• _Excerpted data_:
◇ ◇ ◇ ◇

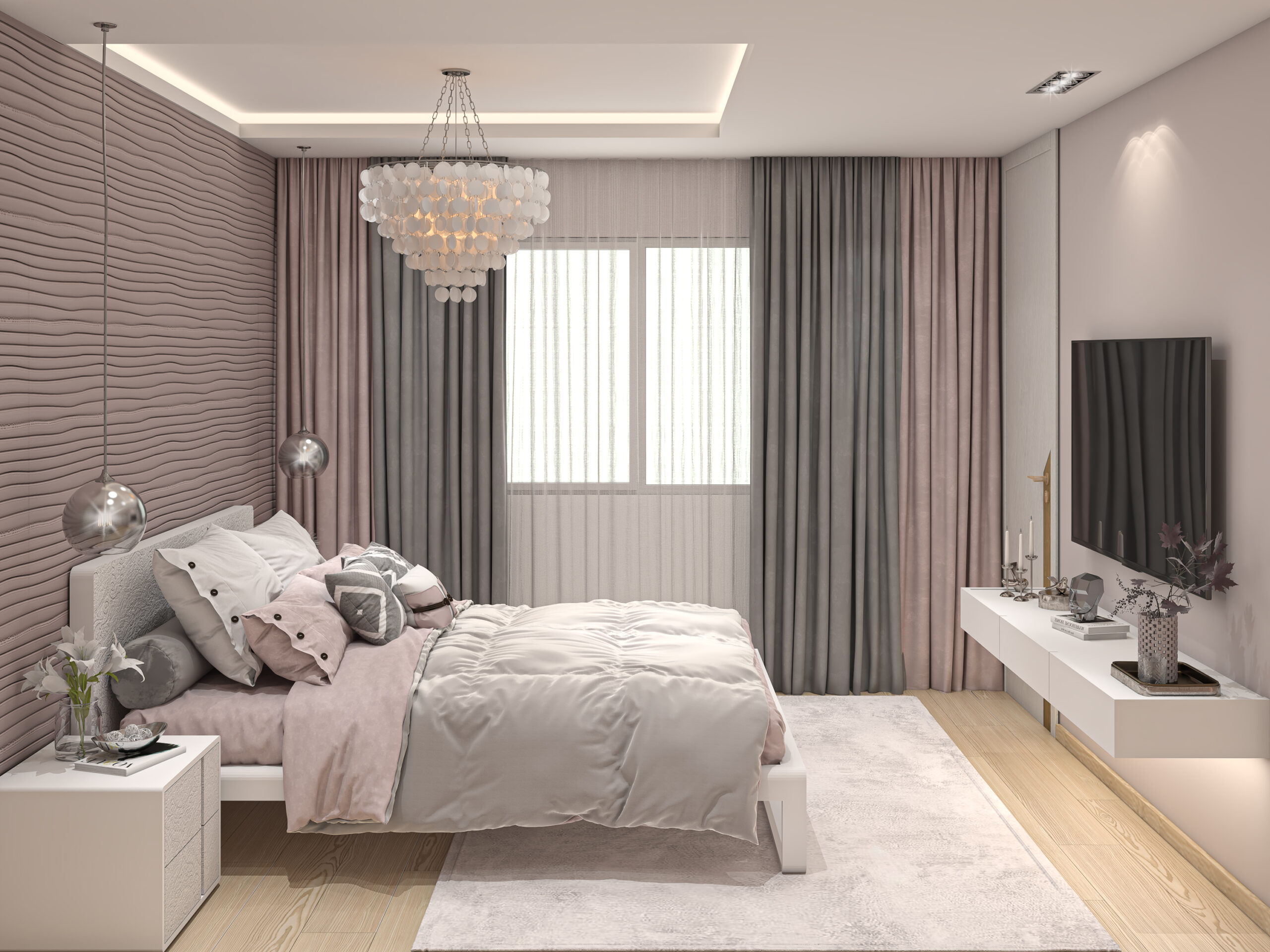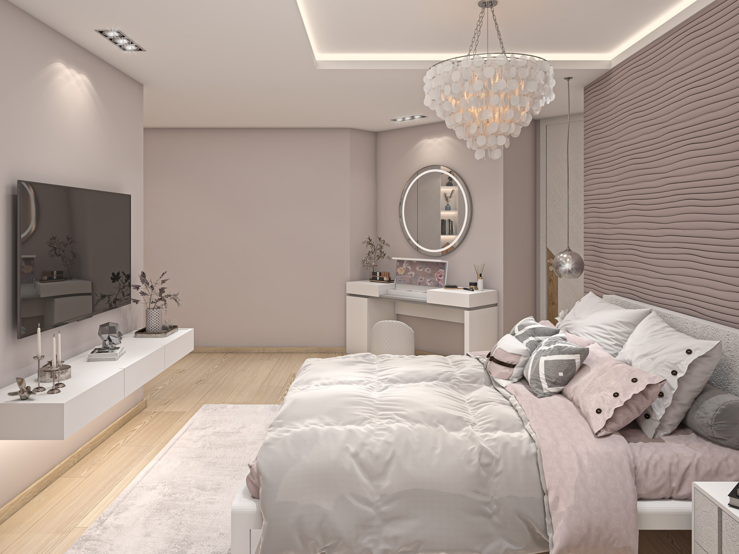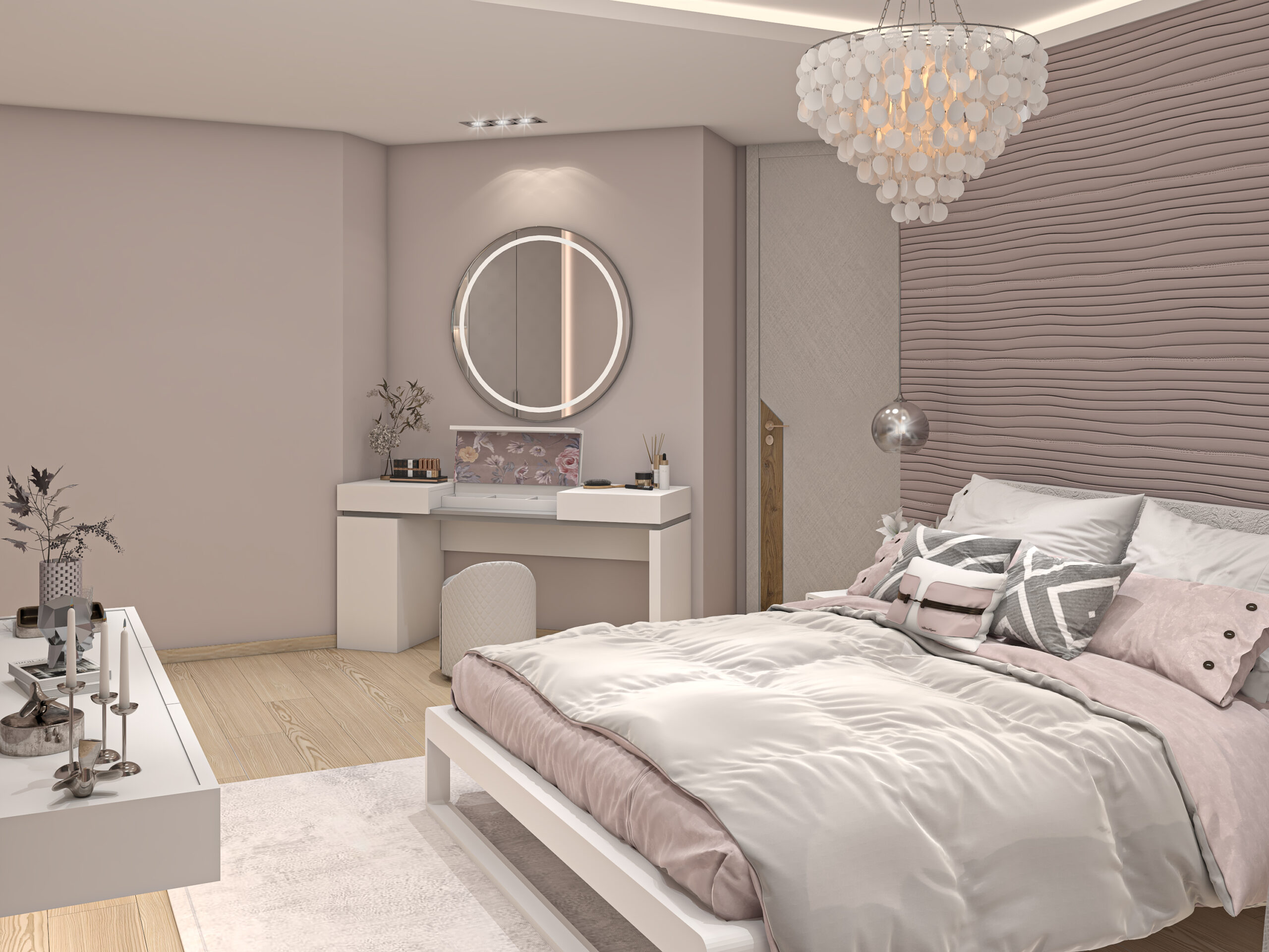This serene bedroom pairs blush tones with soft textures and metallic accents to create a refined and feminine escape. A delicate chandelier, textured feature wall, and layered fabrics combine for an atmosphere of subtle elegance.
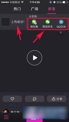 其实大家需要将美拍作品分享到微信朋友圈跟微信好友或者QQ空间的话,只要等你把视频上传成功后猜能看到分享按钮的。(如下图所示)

◇ ◇ ◇ ◇

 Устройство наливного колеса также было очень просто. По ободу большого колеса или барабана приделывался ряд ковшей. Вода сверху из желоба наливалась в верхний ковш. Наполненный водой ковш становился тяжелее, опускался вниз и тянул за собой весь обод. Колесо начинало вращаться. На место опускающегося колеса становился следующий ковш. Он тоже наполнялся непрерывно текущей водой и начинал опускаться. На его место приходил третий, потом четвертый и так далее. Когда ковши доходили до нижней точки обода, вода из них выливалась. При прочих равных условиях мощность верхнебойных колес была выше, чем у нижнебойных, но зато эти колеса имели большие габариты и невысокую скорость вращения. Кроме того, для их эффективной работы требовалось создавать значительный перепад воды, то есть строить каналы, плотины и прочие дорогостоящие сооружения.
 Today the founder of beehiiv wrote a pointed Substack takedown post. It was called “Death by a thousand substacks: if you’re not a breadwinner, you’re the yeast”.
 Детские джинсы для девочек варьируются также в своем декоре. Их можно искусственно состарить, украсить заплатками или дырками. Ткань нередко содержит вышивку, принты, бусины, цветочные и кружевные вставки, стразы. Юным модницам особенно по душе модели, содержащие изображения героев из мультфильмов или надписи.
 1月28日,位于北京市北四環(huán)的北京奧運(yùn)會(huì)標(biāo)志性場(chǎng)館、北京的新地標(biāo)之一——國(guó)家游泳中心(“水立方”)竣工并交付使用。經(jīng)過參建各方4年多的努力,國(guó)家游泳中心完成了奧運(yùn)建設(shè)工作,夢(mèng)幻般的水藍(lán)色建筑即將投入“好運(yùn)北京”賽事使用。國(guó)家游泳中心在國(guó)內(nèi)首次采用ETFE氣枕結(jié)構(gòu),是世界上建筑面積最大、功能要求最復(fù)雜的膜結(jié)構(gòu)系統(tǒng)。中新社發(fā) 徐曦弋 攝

◇ ◇ ◇ ◇

Only the number is wanted: how many lines in the entries above include the word "также"?

2